### [Records shown]
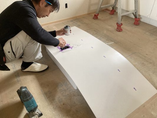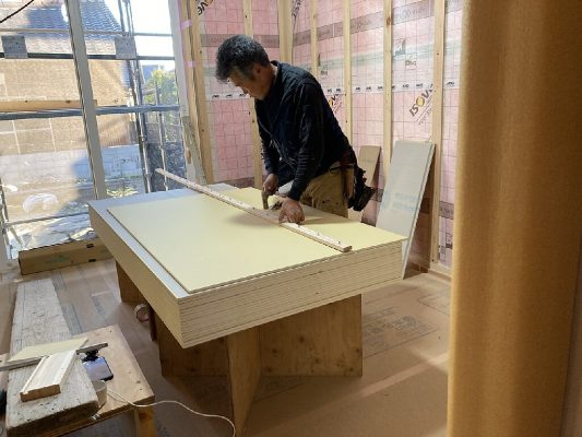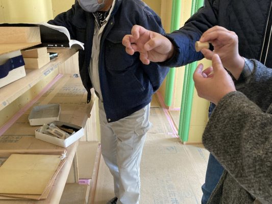 今日は、f井建具さんと製作建具の打合せをしました。着工前に、あ~でもないこ~でもないとyo様と何度か打ち合わせをし、おおよそ決まっていましたが、デザインのチェックや把手などの使い勝手は計画通りでOKかなど、実際に見ながら最終確認を行いました。写真は、トイレ収納の把手はあまり目立たないように堀込把手で計画していたのを、会長におねだりして出してもらった耳付きカウンターの形状によって堀込把手は使いにくい事が判明し、つまみに変更している様子です。
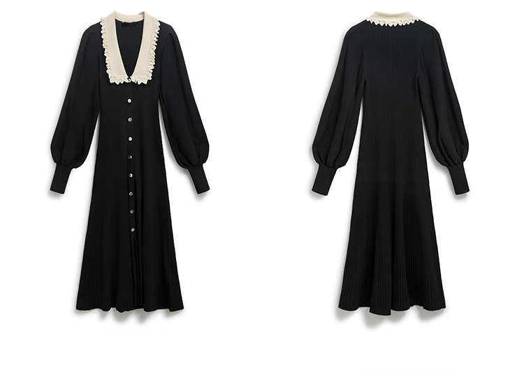 Pull slim à revers boutonné couleur début d'automne, jupe longue noire à manches longues et taille S
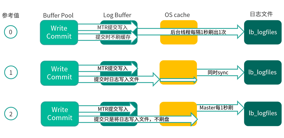 如下图,可以看到其不同取值时对应与日志缓冲区、OS cache、日志文件(ib_logfile)之间的关系。
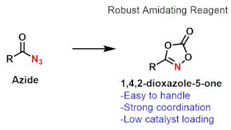 In 2016, Chang's group discovered new nitrogen sources.[19] Their new nitrene precursor, 1,4,2-dioxazol-5-one, is more convenient to prepare, store and use compared to azides. Moreover, it has a strong affinity to the rhodium or Iridium metal center, and thus gives excellent amidation efficiency.[20] They later published selective formation of gamma-lactams via C-H amidation[21][22] with this type of nucleophile.
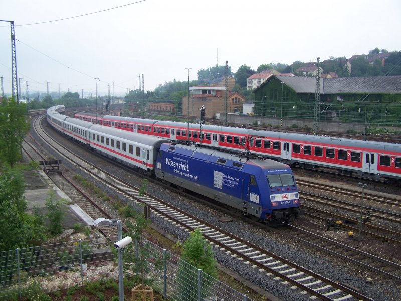 Die Br.101 136-0  Klaus-Trischa-Preis  fuhr am 2.Juni.07 von Karlsruhe Hbf nach Nürnberg Hbf, hier bei der Ausfahrt des Bahnhofes Aalen.

### [Exercise]
Give back exactly the lines above from the one with "Pull slim à" through the one with "如下图,可以看到其不同取值时", both included. Pictures don't belong in the copy.

### [Response box]
 Pull slim à revers boutonné couleur début d'automne, jupe longue noire à manches longues et taille S
 如下图,可以看到其不同取值时对应与日志缓冲区、OS cache、日志文件(ib_logfile)之间的关系。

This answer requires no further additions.